EXERCISE REQUIREMENTS:
Every line of the listing below from the one with "VASSOIETTO JOY CC.90" up to and including the one with "หรือ 100,000 กม." should be retyped exactly, and nothing else; pictures are not part of the copy.
RECORDS FOR THIS EXERCISE below:
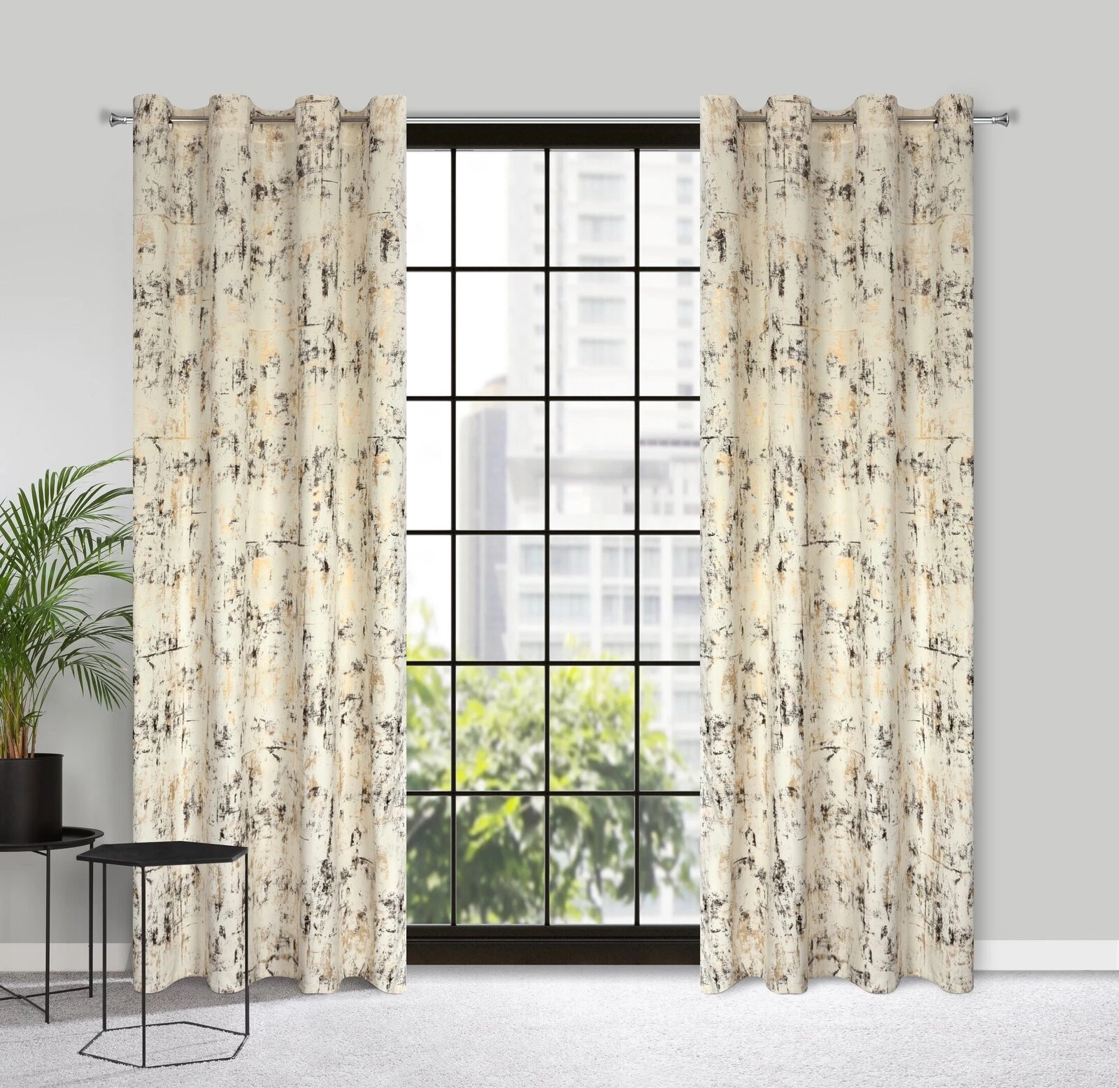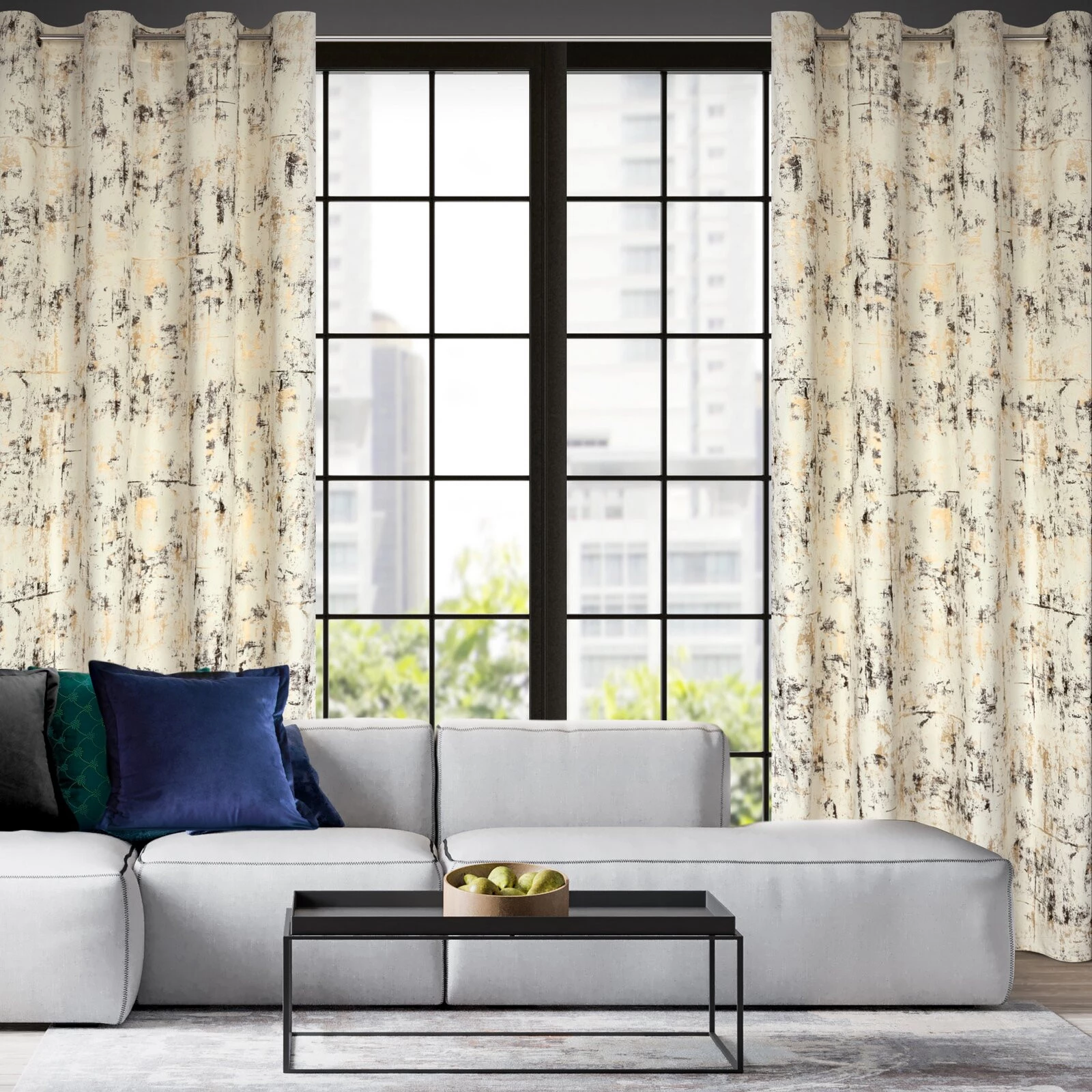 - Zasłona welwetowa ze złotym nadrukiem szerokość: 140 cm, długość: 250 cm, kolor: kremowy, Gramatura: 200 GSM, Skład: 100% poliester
End of RECORDS FOR THIS EXERCISE.
RECORDS FOR THIS EXERCISE below:
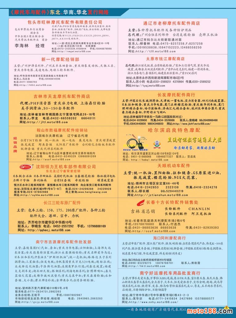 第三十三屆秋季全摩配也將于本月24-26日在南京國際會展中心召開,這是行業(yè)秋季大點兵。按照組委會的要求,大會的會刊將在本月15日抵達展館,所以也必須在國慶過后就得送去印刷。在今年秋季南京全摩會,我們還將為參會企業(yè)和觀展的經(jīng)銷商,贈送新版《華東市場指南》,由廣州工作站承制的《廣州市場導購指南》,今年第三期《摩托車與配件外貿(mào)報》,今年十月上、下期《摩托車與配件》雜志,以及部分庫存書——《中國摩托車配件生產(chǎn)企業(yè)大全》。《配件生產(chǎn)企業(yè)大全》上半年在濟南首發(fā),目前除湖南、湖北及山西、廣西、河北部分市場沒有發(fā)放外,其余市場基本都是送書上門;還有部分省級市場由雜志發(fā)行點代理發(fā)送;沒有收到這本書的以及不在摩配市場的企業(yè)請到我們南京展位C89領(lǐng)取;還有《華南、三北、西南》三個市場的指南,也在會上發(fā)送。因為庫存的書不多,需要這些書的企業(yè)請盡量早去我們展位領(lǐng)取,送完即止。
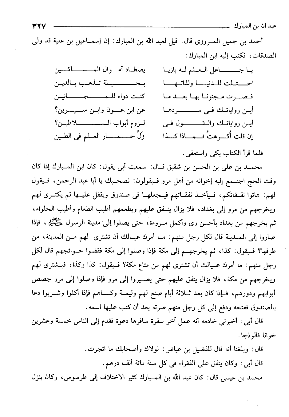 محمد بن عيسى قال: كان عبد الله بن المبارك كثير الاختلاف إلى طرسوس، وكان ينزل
End of RECORDS FOR THIS EXERCISE.
RECORDS FOR THIS EXERCISE below:
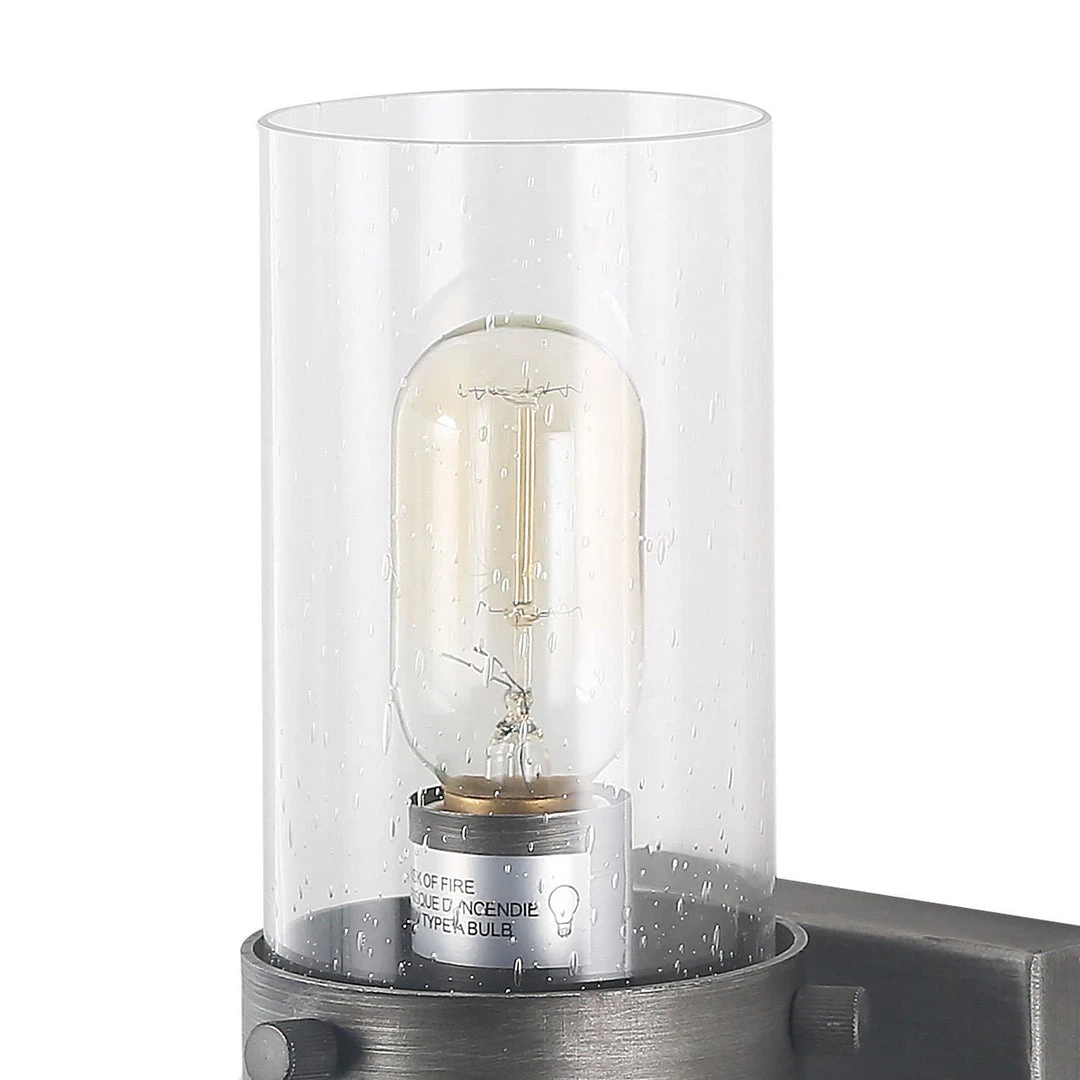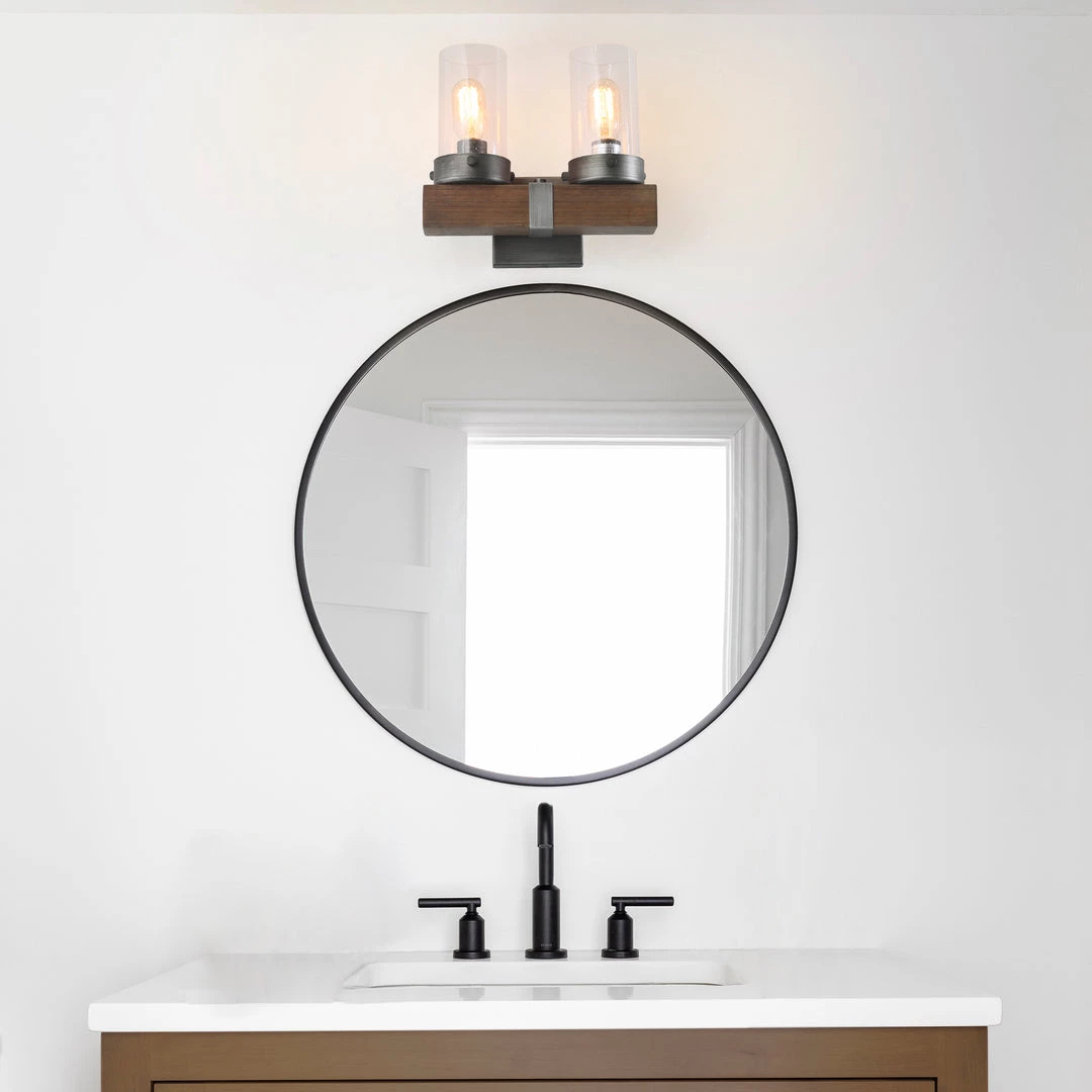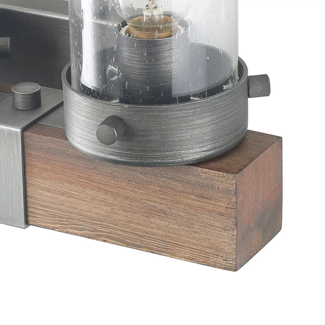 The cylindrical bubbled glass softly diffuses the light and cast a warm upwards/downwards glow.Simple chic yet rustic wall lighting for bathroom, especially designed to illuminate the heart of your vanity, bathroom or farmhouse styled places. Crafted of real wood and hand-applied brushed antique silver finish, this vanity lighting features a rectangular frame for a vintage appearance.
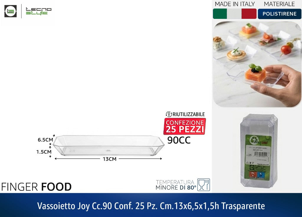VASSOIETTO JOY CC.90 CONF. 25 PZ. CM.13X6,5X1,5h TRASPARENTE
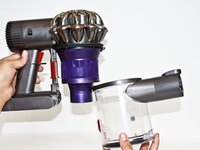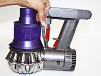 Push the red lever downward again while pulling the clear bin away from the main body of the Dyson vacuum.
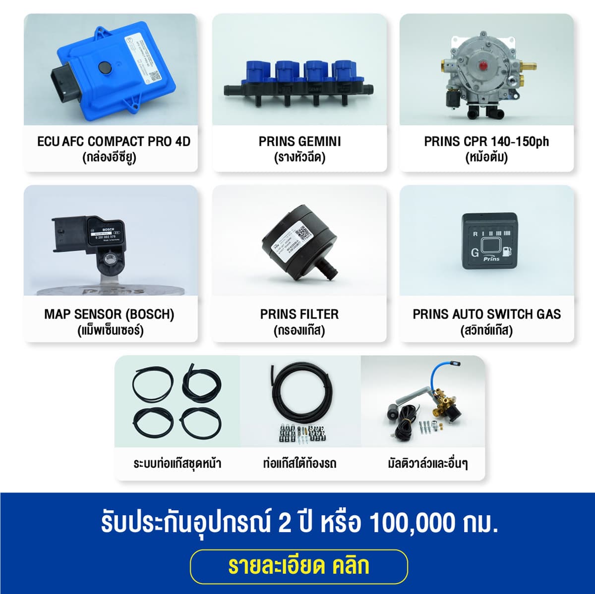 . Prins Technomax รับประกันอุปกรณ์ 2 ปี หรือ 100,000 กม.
End of RECORDS FOR THIS EXERCISE.
RESULT FOR THIS TASK:
VASSOIETTO JOY CC.90 CONF. 25 PZ. CM.13X6,5X1,5h TRASPARENTE
 Push the red lever downward again while pulling the clear bin away from the main body of the Dyson vacuum.
 . Prins Technomax รับประกันอุปกรณ์ 2 ปี หรือ 100,000 กม.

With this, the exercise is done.